(TASK DETAILS) Give back the records below exactly, every one, with no pictures.

(Data excerpts)

*-*-*

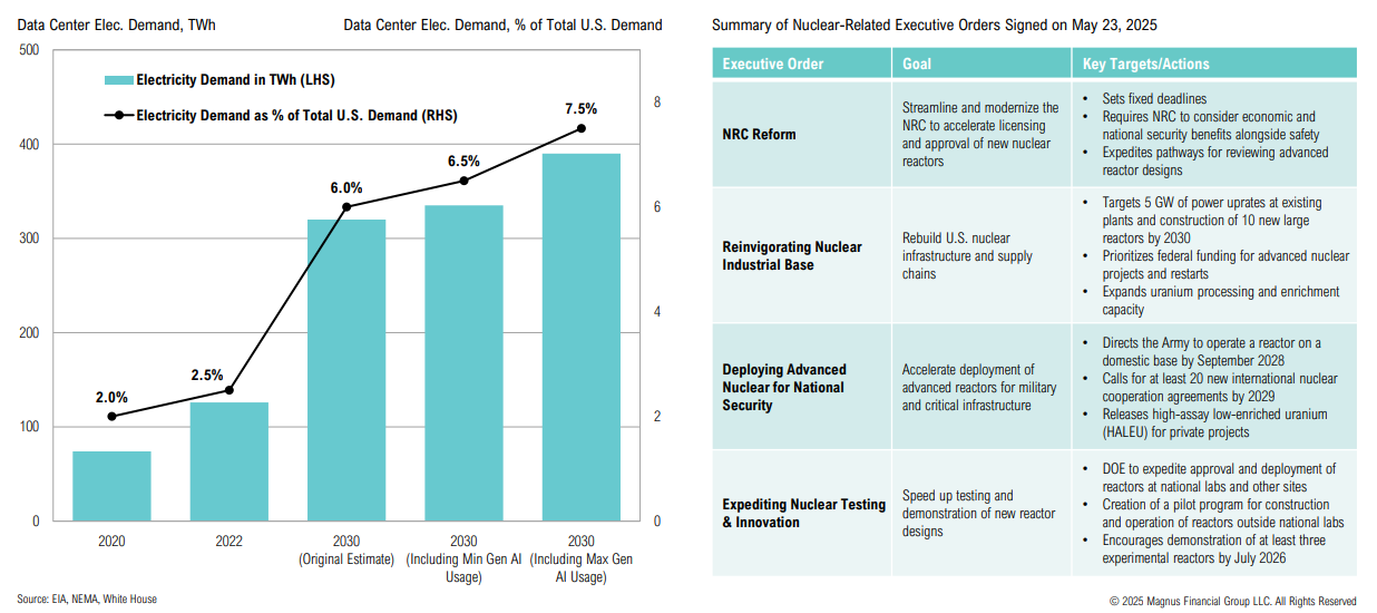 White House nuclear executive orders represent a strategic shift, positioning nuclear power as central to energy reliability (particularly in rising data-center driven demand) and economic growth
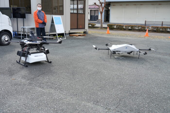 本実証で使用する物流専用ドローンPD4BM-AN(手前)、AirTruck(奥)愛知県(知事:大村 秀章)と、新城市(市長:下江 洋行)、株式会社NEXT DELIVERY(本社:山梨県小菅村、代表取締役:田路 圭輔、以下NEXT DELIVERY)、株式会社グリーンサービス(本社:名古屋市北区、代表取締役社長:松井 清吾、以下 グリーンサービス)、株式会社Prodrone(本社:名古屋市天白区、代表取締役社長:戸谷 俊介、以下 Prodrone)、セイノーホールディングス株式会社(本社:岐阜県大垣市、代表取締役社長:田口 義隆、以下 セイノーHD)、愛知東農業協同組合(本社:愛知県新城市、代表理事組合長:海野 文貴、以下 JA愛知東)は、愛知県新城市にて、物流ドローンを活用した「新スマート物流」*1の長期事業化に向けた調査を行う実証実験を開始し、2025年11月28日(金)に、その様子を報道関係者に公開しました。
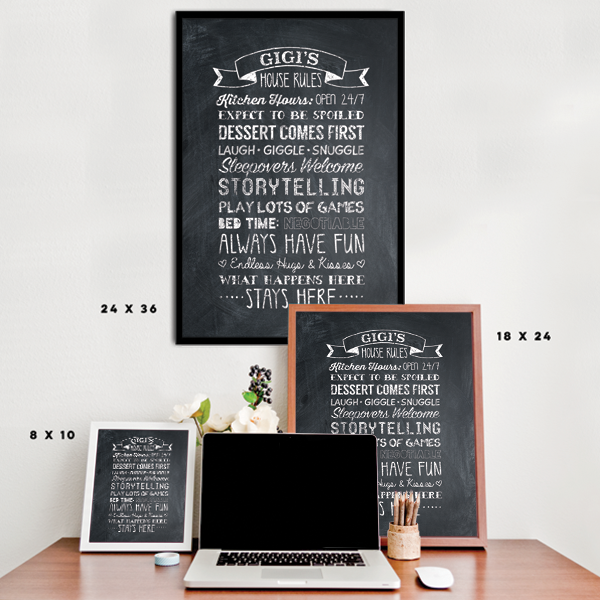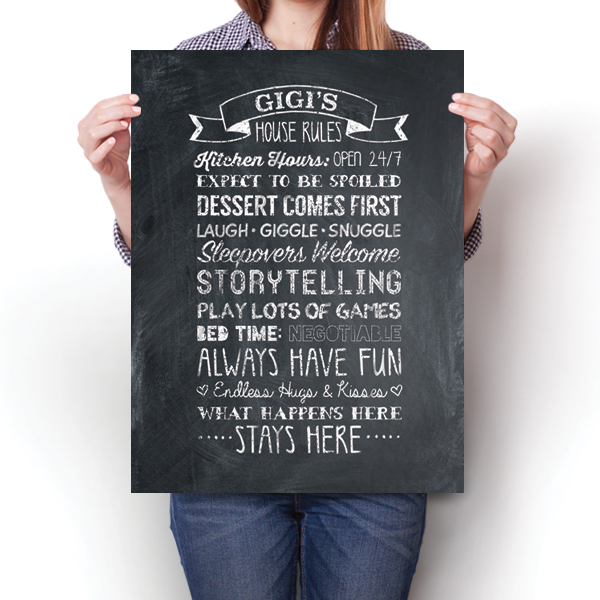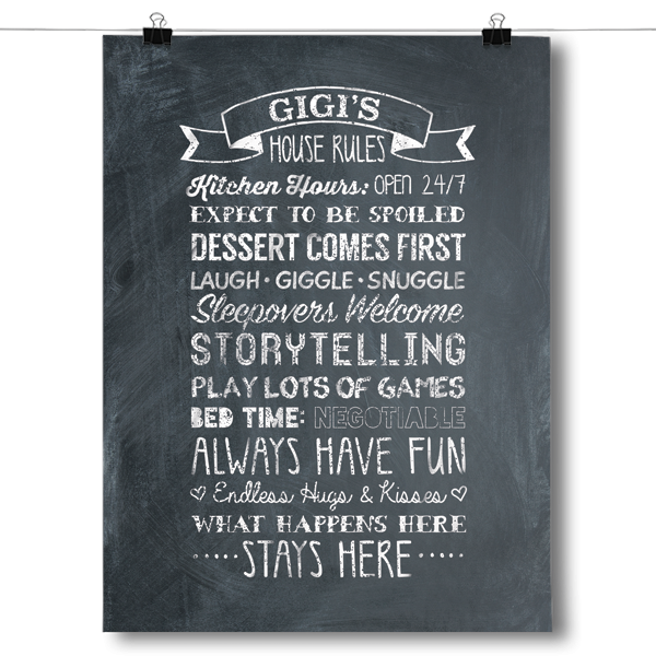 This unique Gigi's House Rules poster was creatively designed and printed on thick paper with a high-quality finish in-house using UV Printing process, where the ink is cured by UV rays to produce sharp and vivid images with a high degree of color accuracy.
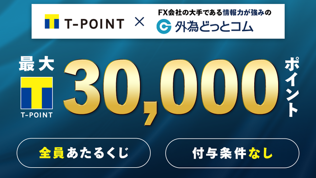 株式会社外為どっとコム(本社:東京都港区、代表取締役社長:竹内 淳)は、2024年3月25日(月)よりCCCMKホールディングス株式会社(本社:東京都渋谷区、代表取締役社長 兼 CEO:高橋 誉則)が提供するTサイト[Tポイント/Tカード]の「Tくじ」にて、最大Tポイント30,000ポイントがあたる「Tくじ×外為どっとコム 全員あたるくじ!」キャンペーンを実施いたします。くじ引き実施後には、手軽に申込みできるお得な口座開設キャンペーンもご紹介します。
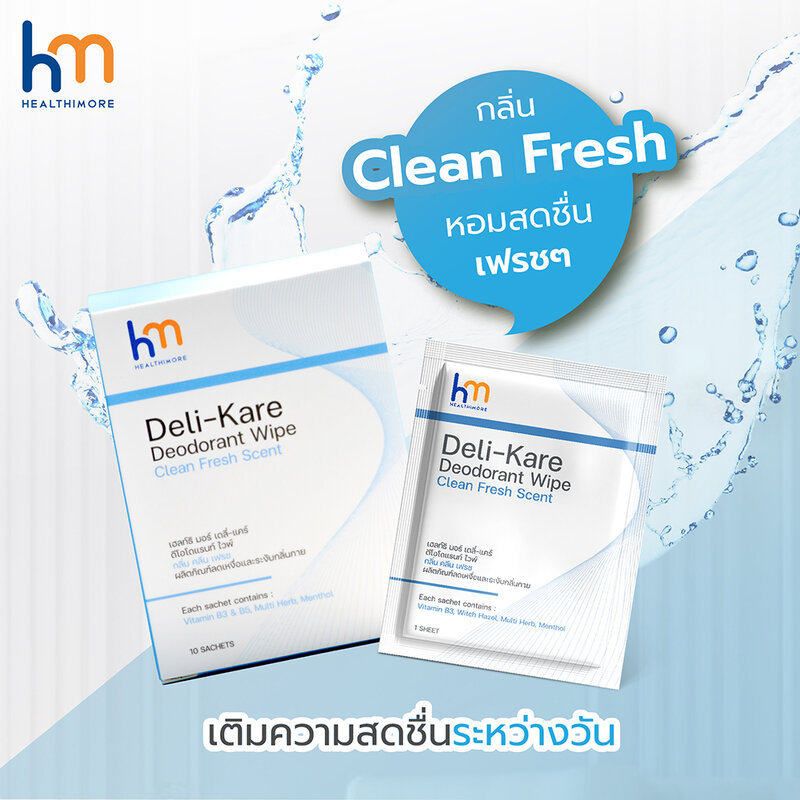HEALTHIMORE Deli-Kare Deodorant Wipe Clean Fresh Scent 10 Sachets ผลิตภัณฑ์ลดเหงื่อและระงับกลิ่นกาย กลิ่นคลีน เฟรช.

*-*-*

(ANSWER TO THIS PROBLEM)
 White House nuclear executive orders represent a strategic shift, positioning nuclear power as central to energy reliability (particularly in rising data-center driven demand) and economic growth
 本実証で使用する物流専用ドローンPD4BM-AN(手前)、AirTruck(奥)愛知県(知事:大村 秀章)と、新城市(市長:下江 洋行)、株式会社NEXT DELIVERY(本社:山梨県小菅村、代表取締役:田路 圭輔、以下NEXT DELIVERY)、株式会社グリーンサービス(本社:名古屋市北区、代表取締役社長:松井 清吾、以下 グリーンサービス)、株式会社Prodrone(本社:名古屋市天白区、代表取締役社長:戸谷 俊介、以下 Prodrone)、セイノーホールディングス株式会社(本社:岐阜県大垣市、代表取締役社長:田口 義隆、以下 セイノーHD)、愛知東農業協同組合(本社:愛知県新城市、代表理事組合長:海野 文貴、以下 JA愛知東)は、愛知県新城市にて、物流ドローンを活用した「新スマート物流」*1の長期事業化に向けた調査を行う実証実験を開始し、2025年11月28日(金)に、その様子を報道関係者に公開しました。
 This unique Gigi's House Rules poster was creatively designed and printed on thick paper with a high-quality finish in-house using UV Printing process, where the ink is cured by UV rays to produce sharp and vivid images with a high degree of color accuracy.
 株式会社外為どっとコム(本社:東京都港区、代表取締役社長:竹内 淳)は、2024年3月25日(月)よりCCCMKホールディングス株式会社(本社:東京都渋谷区、代表取締役社長 兼 CEO:高橋 誉則)が提供するTサイト[Tポイント/Tカード]の「Tくじ」にて、最大Tポイント30,000ポイントがあたる「Tくじ×外為どっとコム 全員あたるくじ!」キャンペーンを実施いたします。くじ引き実施後には、手軽に申込みできるお得な口座開設キャンペーンもご紹介します。
HEALTHIMORE Deli-Kare Deodorant Wipe Clean Fresh Scent 10 Sachets ผลิตภัณฑ์ลดเหงื่อและระงับกลิ่นกาย กลิ่นคลีน เฟรช.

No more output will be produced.